=== Begin Enclosure ===

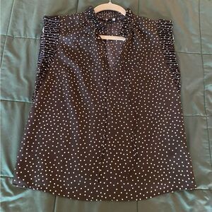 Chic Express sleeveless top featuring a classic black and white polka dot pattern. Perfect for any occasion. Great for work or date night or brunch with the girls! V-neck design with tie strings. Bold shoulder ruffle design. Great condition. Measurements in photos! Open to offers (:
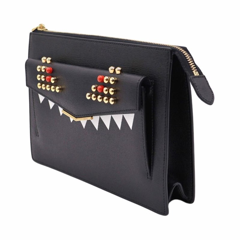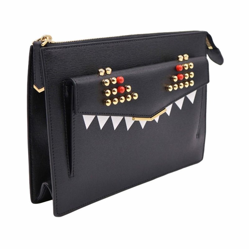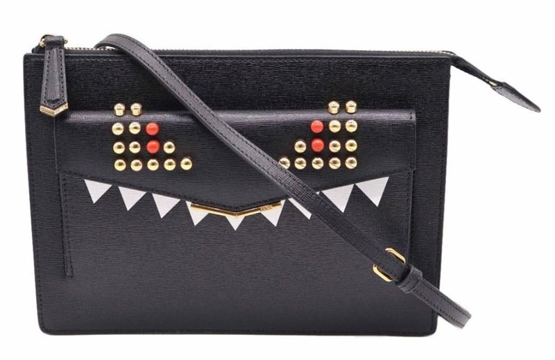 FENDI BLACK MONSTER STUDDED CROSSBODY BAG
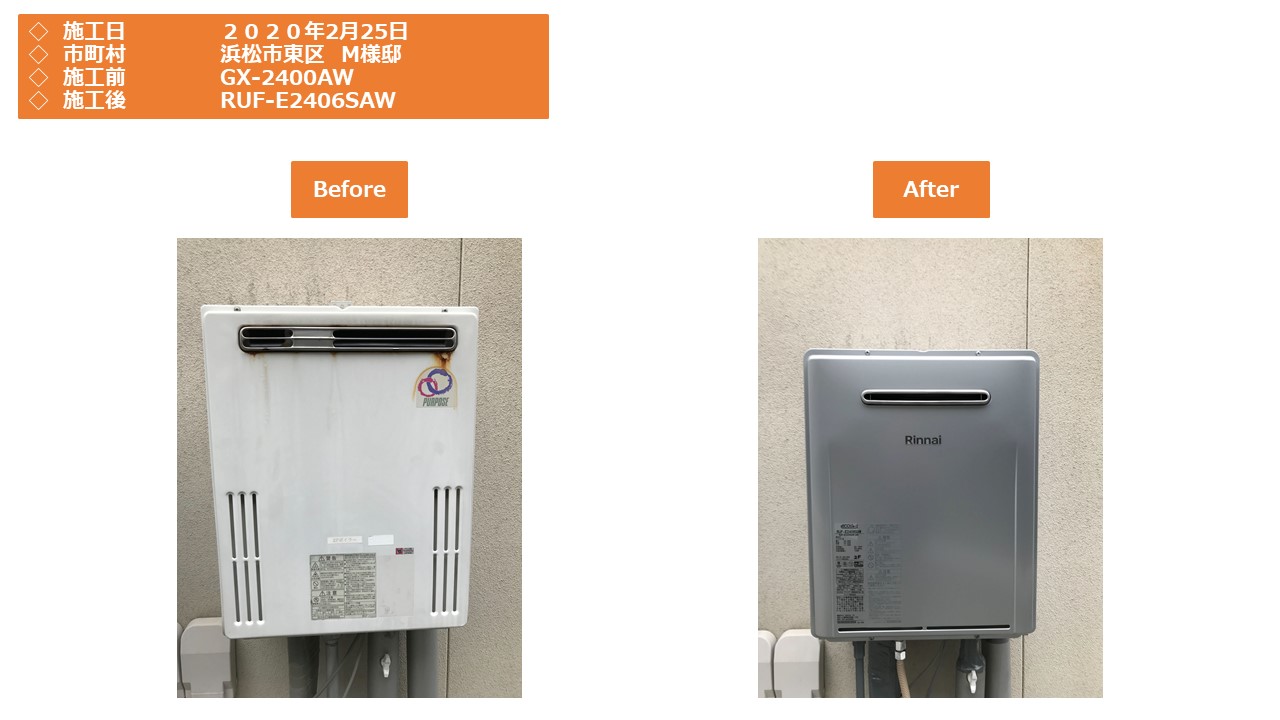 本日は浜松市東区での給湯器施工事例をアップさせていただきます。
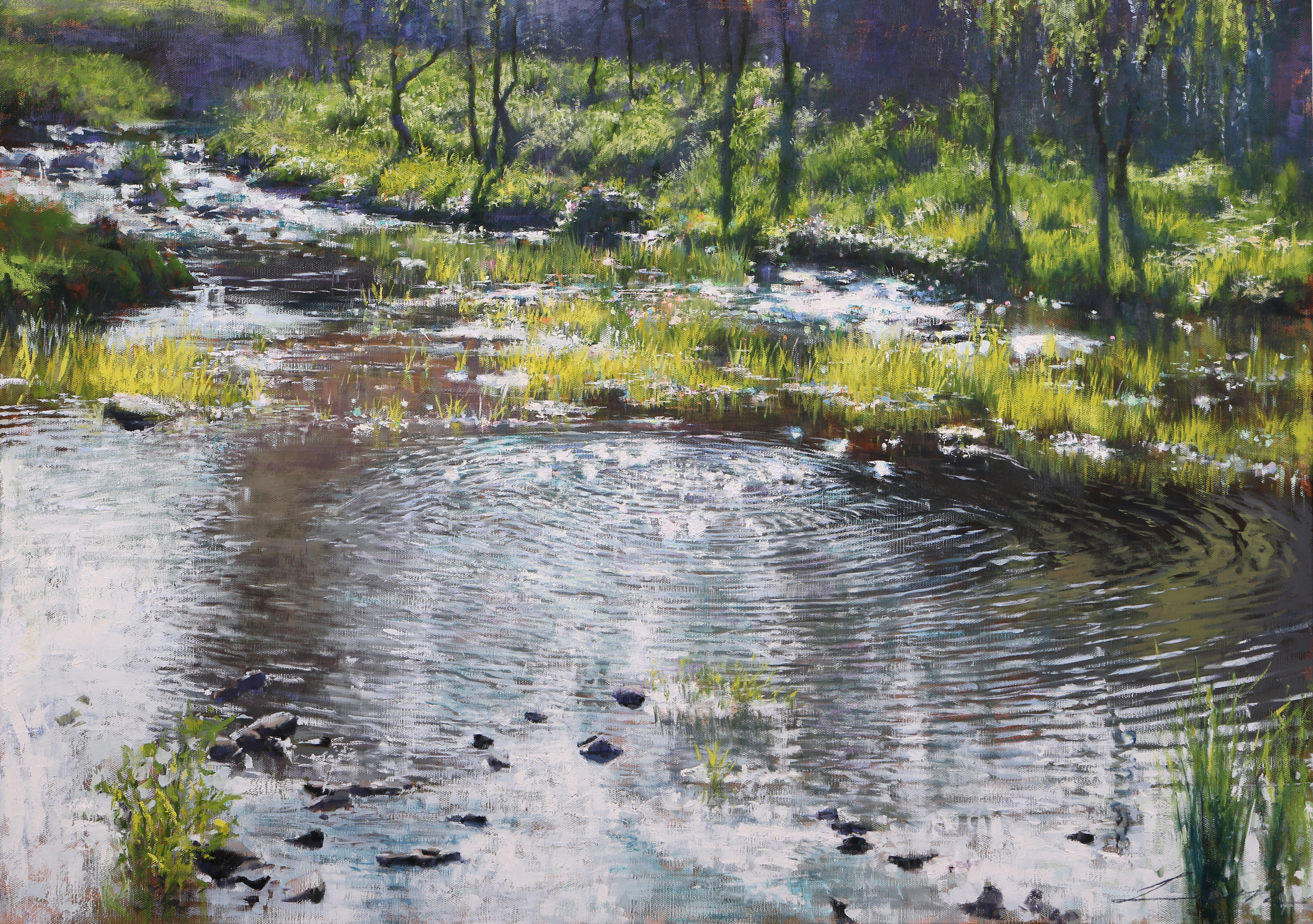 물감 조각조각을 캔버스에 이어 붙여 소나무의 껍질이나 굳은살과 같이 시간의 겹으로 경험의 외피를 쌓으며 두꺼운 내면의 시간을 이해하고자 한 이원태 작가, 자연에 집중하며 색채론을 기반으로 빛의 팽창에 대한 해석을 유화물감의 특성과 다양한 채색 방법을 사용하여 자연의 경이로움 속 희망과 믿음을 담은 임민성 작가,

=== End Enclosure ===
=== Begin Enclosure ===

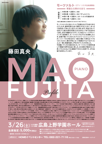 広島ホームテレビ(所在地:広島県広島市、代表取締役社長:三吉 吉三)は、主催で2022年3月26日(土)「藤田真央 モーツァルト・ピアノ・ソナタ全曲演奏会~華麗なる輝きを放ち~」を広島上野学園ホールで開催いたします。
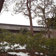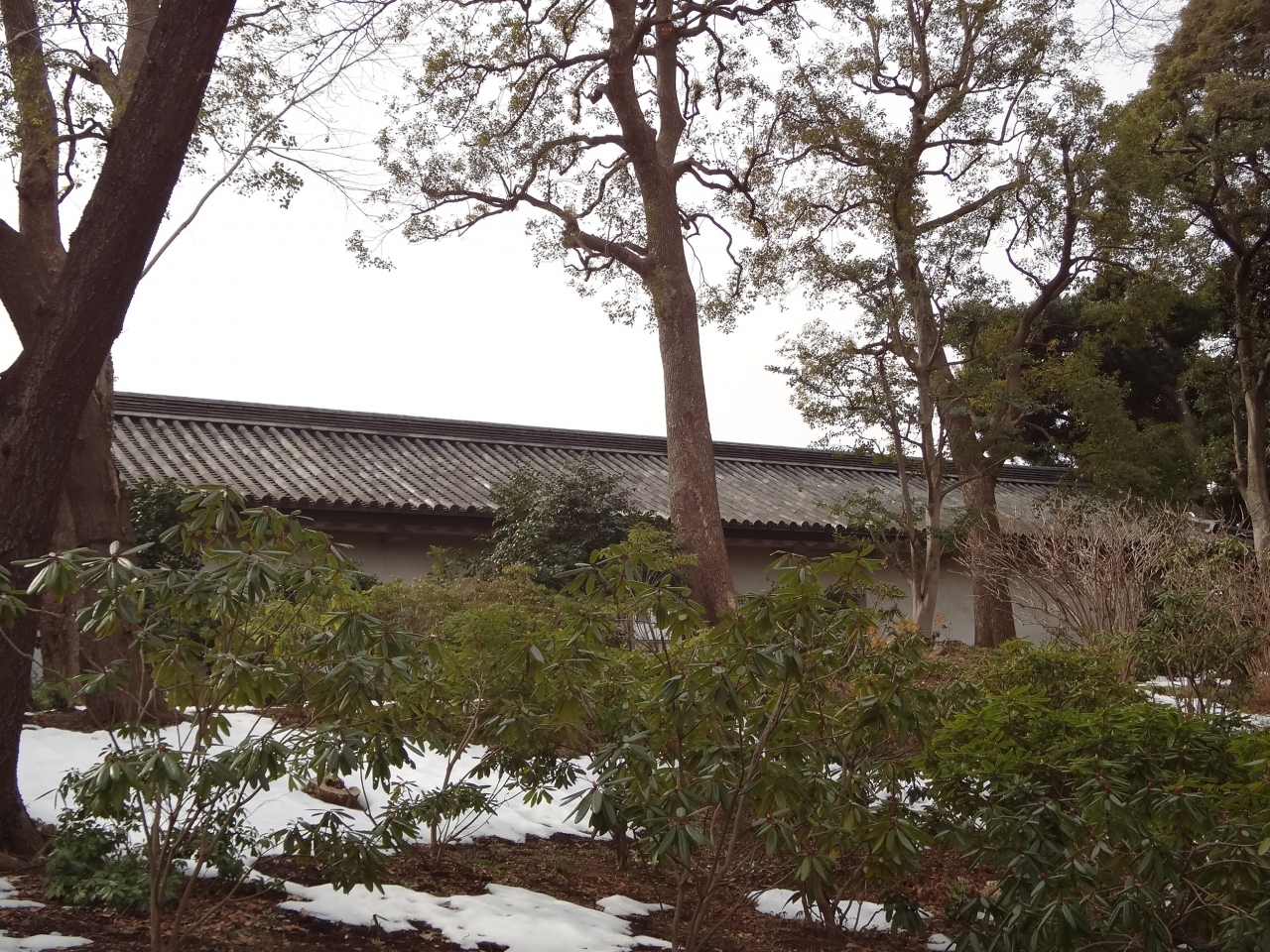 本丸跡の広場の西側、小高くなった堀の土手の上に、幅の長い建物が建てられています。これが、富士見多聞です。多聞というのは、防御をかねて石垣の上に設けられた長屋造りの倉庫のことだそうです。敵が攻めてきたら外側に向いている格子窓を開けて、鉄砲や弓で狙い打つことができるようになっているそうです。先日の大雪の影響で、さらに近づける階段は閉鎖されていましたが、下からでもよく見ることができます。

=== End Enclosure ===

**Problem statement:** Print from the line containing "FENDI BLACK MONSTER STUDDED CROSSBODY BAG" through the line containing "물감 조각조각을 캔버스에" in the data above, exactly as the lines stand, and omit every picture.

**Result of the task:**
 FENDI BLACK MONSTER STUDDED CROSSBODY BAG
 本日は浜松市東区での給湯器施工事例をアップさせていただきます。
 물감 조각조각을 캔버스에 이어 붙여 소나무의 껍질이나 굳은살과 같이 시간의 겹으로 경험의 외피를 쌓으며 두꺼운 내면의 시간을 이해하고자 한 이원태 작가, 자연에 집중하며 색채론을 기반으로 빛의 팽창에 대한 해석을 유화물감의 특성과 다양한 채색 방법을 사용하여 자연의 경이로움 속 희망과 믿음을 담은 임민성 작가,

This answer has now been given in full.